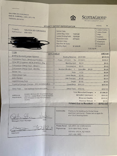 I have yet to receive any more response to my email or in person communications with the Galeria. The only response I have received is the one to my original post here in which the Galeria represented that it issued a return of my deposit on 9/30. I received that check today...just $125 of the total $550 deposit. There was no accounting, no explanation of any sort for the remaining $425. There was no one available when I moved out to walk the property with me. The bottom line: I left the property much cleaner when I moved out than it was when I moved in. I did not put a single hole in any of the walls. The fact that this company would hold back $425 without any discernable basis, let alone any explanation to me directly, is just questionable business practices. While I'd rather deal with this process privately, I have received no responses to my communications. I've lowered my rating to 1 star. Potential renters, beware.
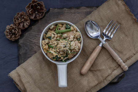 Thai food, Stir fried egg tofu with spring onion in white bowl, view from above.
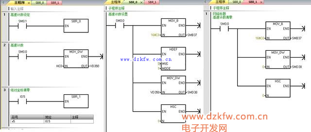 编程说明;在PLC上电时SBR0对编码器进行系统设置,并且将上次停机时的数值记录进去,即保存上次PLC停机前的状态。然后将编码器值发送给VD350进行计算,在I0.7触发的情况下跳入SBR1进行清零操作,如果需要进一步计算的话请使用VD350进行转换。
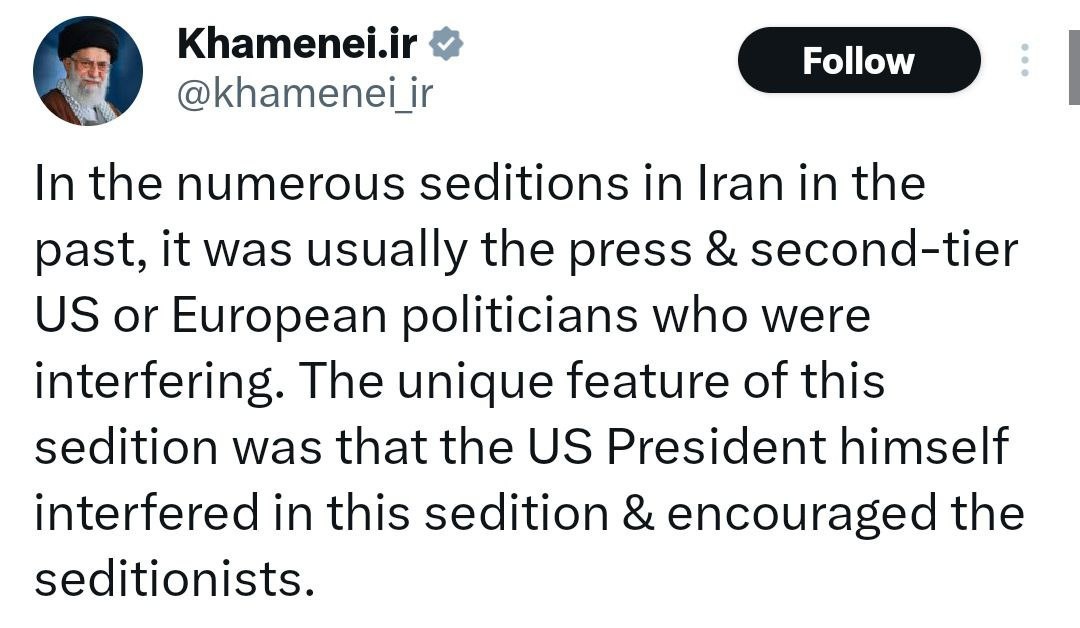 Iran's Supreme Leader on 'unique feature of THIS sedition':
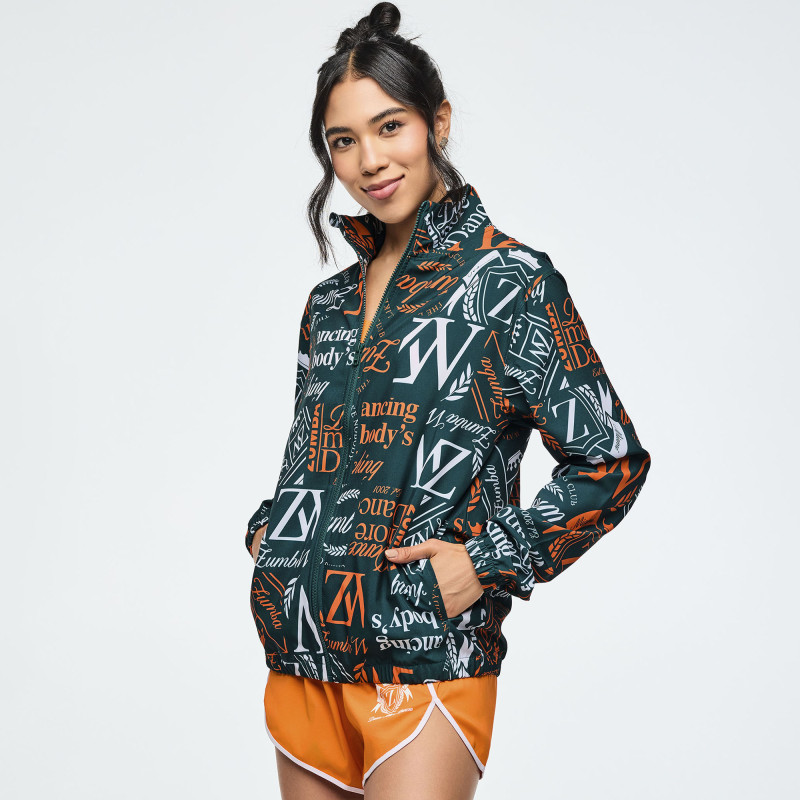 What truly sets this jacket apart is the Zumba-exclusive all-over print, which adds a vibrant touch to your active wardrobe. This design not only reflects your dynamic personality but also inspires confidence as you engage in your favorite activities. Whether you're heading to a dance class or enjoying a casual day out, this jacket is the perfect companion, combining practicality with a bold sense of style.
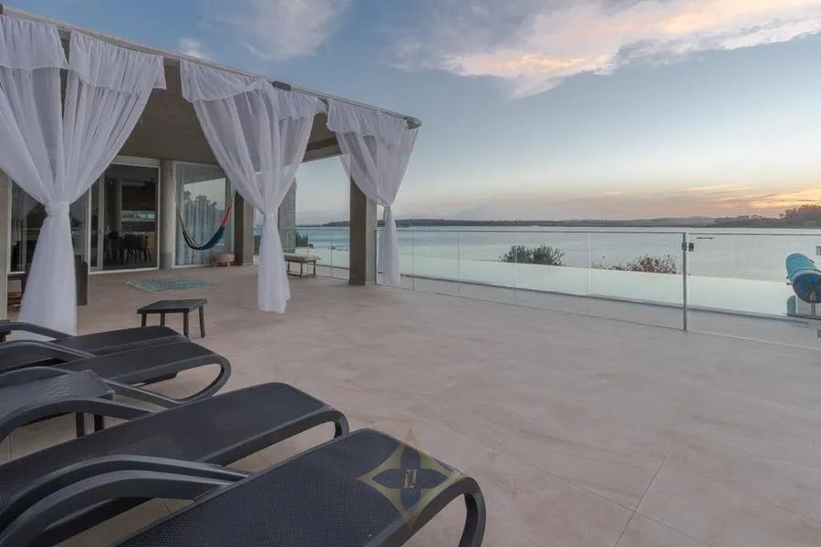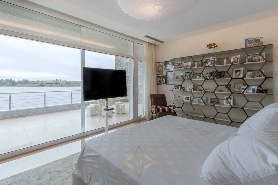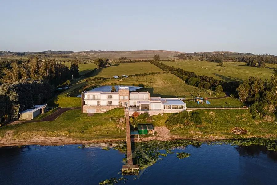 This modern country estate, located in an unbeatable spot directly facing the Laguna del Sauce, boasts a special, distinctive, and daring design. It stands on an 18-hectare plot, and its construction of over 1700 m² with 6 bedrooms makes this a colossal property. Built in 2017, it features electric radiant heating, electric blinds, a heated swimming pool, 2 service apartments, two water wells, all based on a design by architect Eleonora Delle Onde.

*Description of the task*.
Ending at the line with "Iran's Supreme Leader", reproduce exactly the lines that begin at the top of the data, and include no pictures.

*Output*.
 I have yet to receive any more response to my email or in person communications with the Galeria. The only response I have received is the one to my original post here in which the Galeria represented that it issued a return of my deposit on 9/30. I received that check today...just $125 of the total $550 deposit. There was no accounting, no explanation of any sort for the remaining $425. There was no one available when I moved out to walk the property with me. The bottom line: I left the property much cleaner when I moved out than it was when I moved in. I did not put a single hole in any of the walls. The fact that this company would hold back $425 without any discernable basis, let alone any explanation to me directly, is just questionable business practices. While I'd rather deal with this process privately, I have received no responses to my communications. I've lowered my rating to 1 star. Potential renters, beware.
 Thai food, Stir fried egg tofu with spring onion in white bowl, view from above.
 编程说明;在PLC上电时SBR0对编码器进行系统设置,并且将上次停机时的数值记录进去,即保存上次PLC停机前的状态。然后将编码器值发送给VD350进行计算,在I0.7触发的情况下跳入SBR1进行清零操作,如果需要进一步计算的话请使用VD350进行转换。
 Iran's Supreme Leader on 'unique feature of THIS sedition':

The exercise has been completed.